The case for the Pixel 10 Pro XL starts with reach. Google gives the phone a 50MP main camera, a 48MP ultra-wide with autofocus, a 48MP 5x telephoto lens and up to 100x Pro Zoom. That setup gives it more long-range flexibility than the iPhone 17 Pro Max, whose 48MP main and 48MP ultra-wide are joined by a telephoto system built around shorter optical steps and up to 40x digital zoom. In Tom’s Guide’s direct comparison, the Pixel pulled ahead at 10x and beyond, with the reviewer saying it was better suited to users who value zoom, especially once AI enhancement came into play at 30x and above.
For buyers who mostly take photos, that matters. The Pixel 10 Pro XL continues Google’s long-standing strength in computational photography, and its hardware gives it an advantage in scenes where detail has to be recovered from distance.

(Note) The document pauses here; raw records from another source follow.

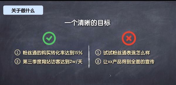 【我们做方案的时候要有一个清晰的目标,清晰的目标会有一条明确的时间线和有一个可以计量的数据结果】我们看看,左侧是2个清晰的方案目标,(粉丝通的购买转化率应达到15%,这个目标前要加个时间点,我们就说8月份吧)有时间点,有具体的结果。而右侧则是2个含糊不清的目标,比如让xx产品得到全面的宣传,什么叫全面的?请问什么叫全面的?如果是这样的一个含糊的目标,我又怎么去分解这样的一个目标呢?分解我的工作步骤呢?根本就无法分解,所以就导致你做的每一件事情都没有目的性。
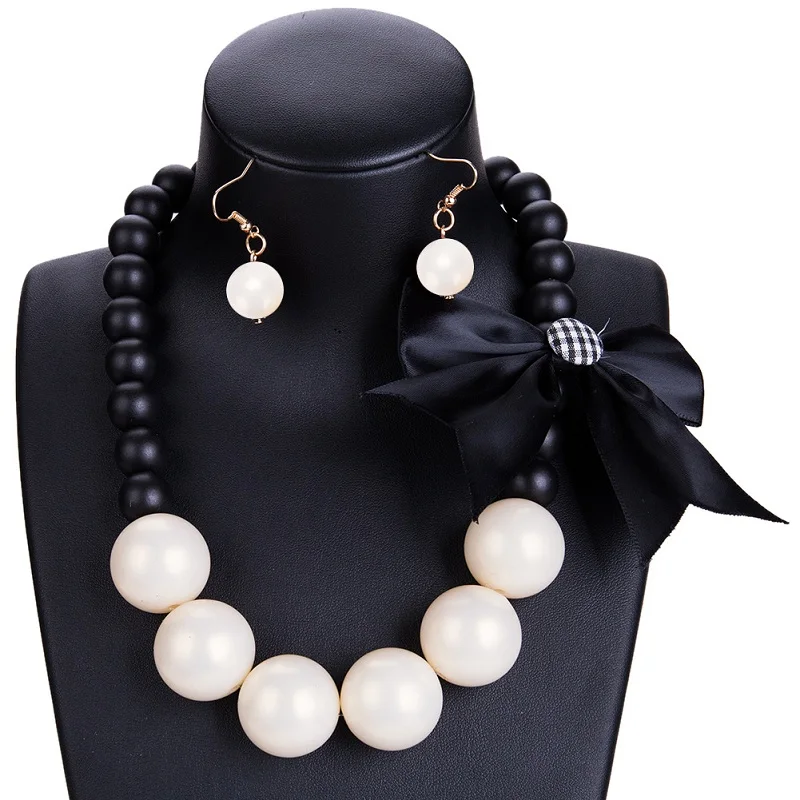 Find Me Brand Big Beads Collar Choker Necklace Boho Bow Resin Maxi Statement Necklace For Women Jewelry
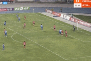 比賽第23分鐘,安屹斐過(guò)人后倒三角回敲,劉樂(lè)門(mén)前兩連擊破門(mén),石家莊功夫1-1扳平遼寧鐵人。

If your camera roll is full of buildings, events, wildlife, signs, street scenes or travel shots taken from far away, the Pixel is the more useful tool. That is an inference from the official camera specs and Tom’s Guide’s zoom findings.

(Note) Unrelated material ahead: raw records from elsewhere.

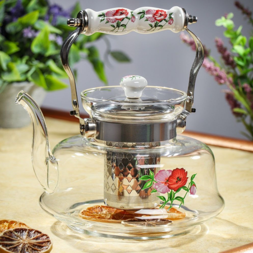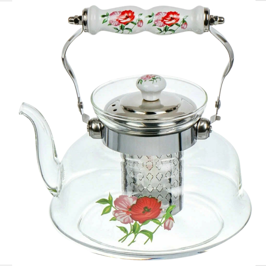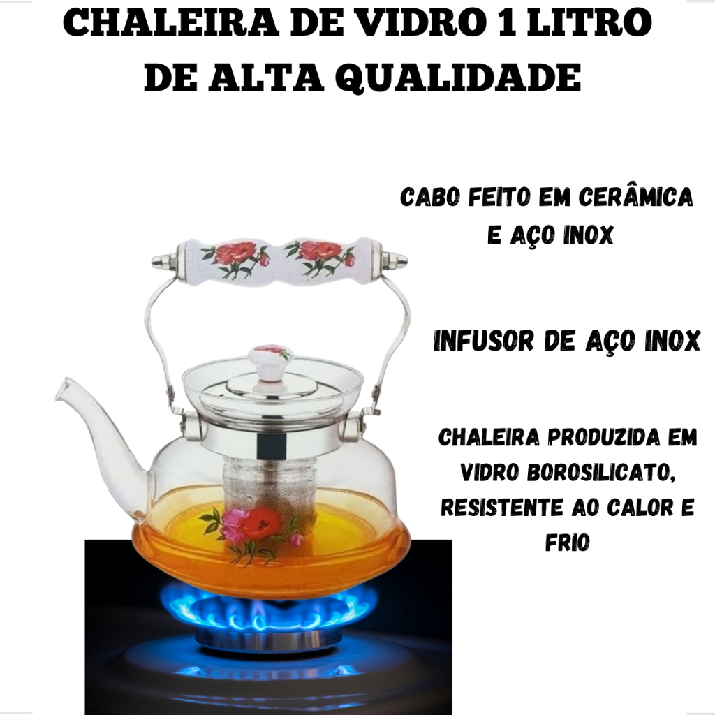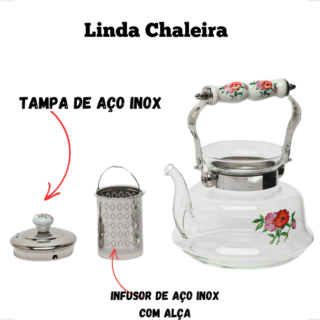 Chaleira Com Infusor De Inox Decorada Com Flor Decorada Chá Café Leite 1 Litro Vidro Vai Ao Fogo
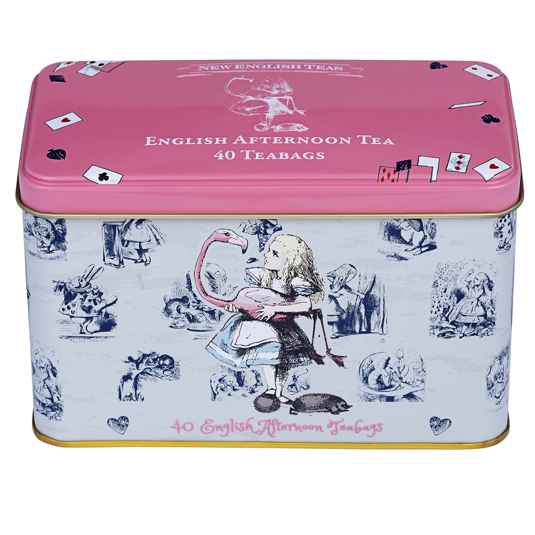 Indulge in a whimsical tea experience with the New English Teas Pink Alice in Wonderland Tea Caddy. This beautifully illustrated tea tin features original artwork from Lewis Carroll's beloved classic, making it a charming centerpiece for any kitchen or tea lover's collection. Inside, you'll find 40 individually wrapped English Afternoon tea bags, sourced from Ceylon, Sri Lanka—a region renowned for producing some of the world's finest tea—delivering a medium-bodied, aromatic cup perfect with sandwiches and cakes.
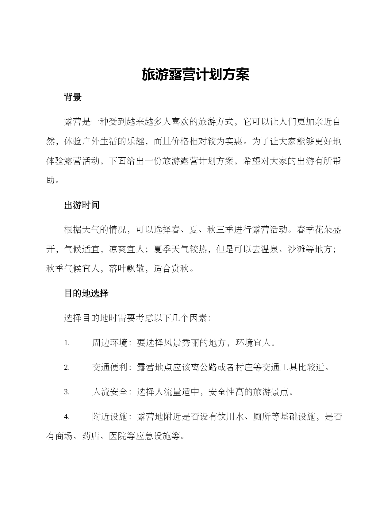 旅游露营计划方案背景露营是一种受到越来越多人喜欢的旅游方式,它可以让人们更加亲近自然,体验户外生活的乐趣,而且价格相对较为实惠。为了让大家能够更好地体验露营活动,下面给出一份旅游露营计划方案,希望对大家的出游有所帮助。出游时间根据天气的情况,可以选择春、夏、秋三季进行露营活动。春季花朵盛开,气候适宜,凉爽宜人;夏季天气较热,但是可以去温泉、沙滩等地方;秋季气候宜人,落叶飘散,适合赏秋。目的地选择选择目的地时需要考虑以下几个因素:周边环境:要选择风景秀丽的地方,环境宜人。交通便利:露营地点应该离公路或者村庄
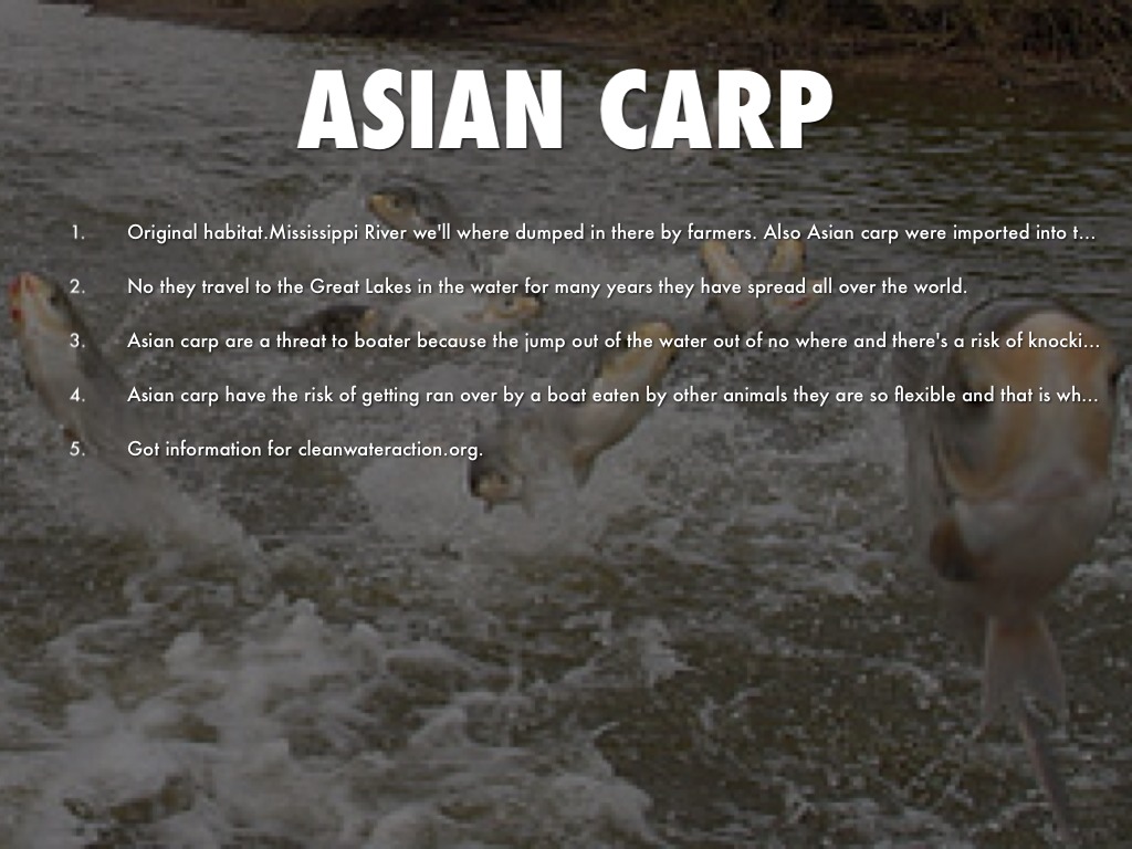 • Asian carp are a threat to boater because the jump out of the water out of no where and there's a risk of knocking the boater into the water causing death or other injuries they have wicked smacks with there tales they can hurt almost any human which is a problem.

Apple, however, still has the stronger case for people who treat their phone as a video camera. The iPhone 17 Pro Max supports 4K Dolby Vision at up to 120fps, ProRes up to 4K/120 with external recording, and higher-end workflows such as Apple Log 2 and ACES. Google’s Pixel 10 Pro XL offers 8K recording through Video Boost and 4K up to 60fps, but Apple’s video stack is clearly broader and more creator-focused.
The iPhone also holds the edge after dark. In Tom’s Guide’s side-by-side comparison, the reviewer said no phone tested so far had beaten the iPhone 17 Pro Max in low-light shooting, praising its brighter and more detailed night images. The same comparison also gave the iPhone the advantage for selfies, pointing to sharper facial detail and stronger exposure from Apple’s 18MP Center Stage front camera.
The Pixel is not outclassed across the board. Its 42MP front camera is higher resolution on paper, and Google still offers a distinctive photo style that many users prefer. But the iPhone’s front camera performance appears more dependable in real-world use, while its night mode remains the stronger option for users who shoot often in dim environments, restaurants, concerts or city streets after dark.
Macro photography is closer. The official specs show both phones using high-resolution ultra-wide cameras with close-up capability. Tom’s Guide’s macro shootout found wins for both devices across different flower samples, but the reviewer often praised the iPhone for sharper detail and more reliable focus, while also noting that the Pixel could produce more dramatic contrast in some scenes.
That leaves the buying decision fairly clear. Buy the Pixel 10 Pro XL if you want the more flexible stills camera, especially for zoom-heavy photography. Buy the iPhone 17 Pro Max if you want the better all-round camera system for video, night shots and selfies. Tom’s Guide’s overall verdict favoured the iPhone 17 Pro Max, but the same comparison also made clear that the Pixel remains the stronger option for users whose priorities start with zoom performance.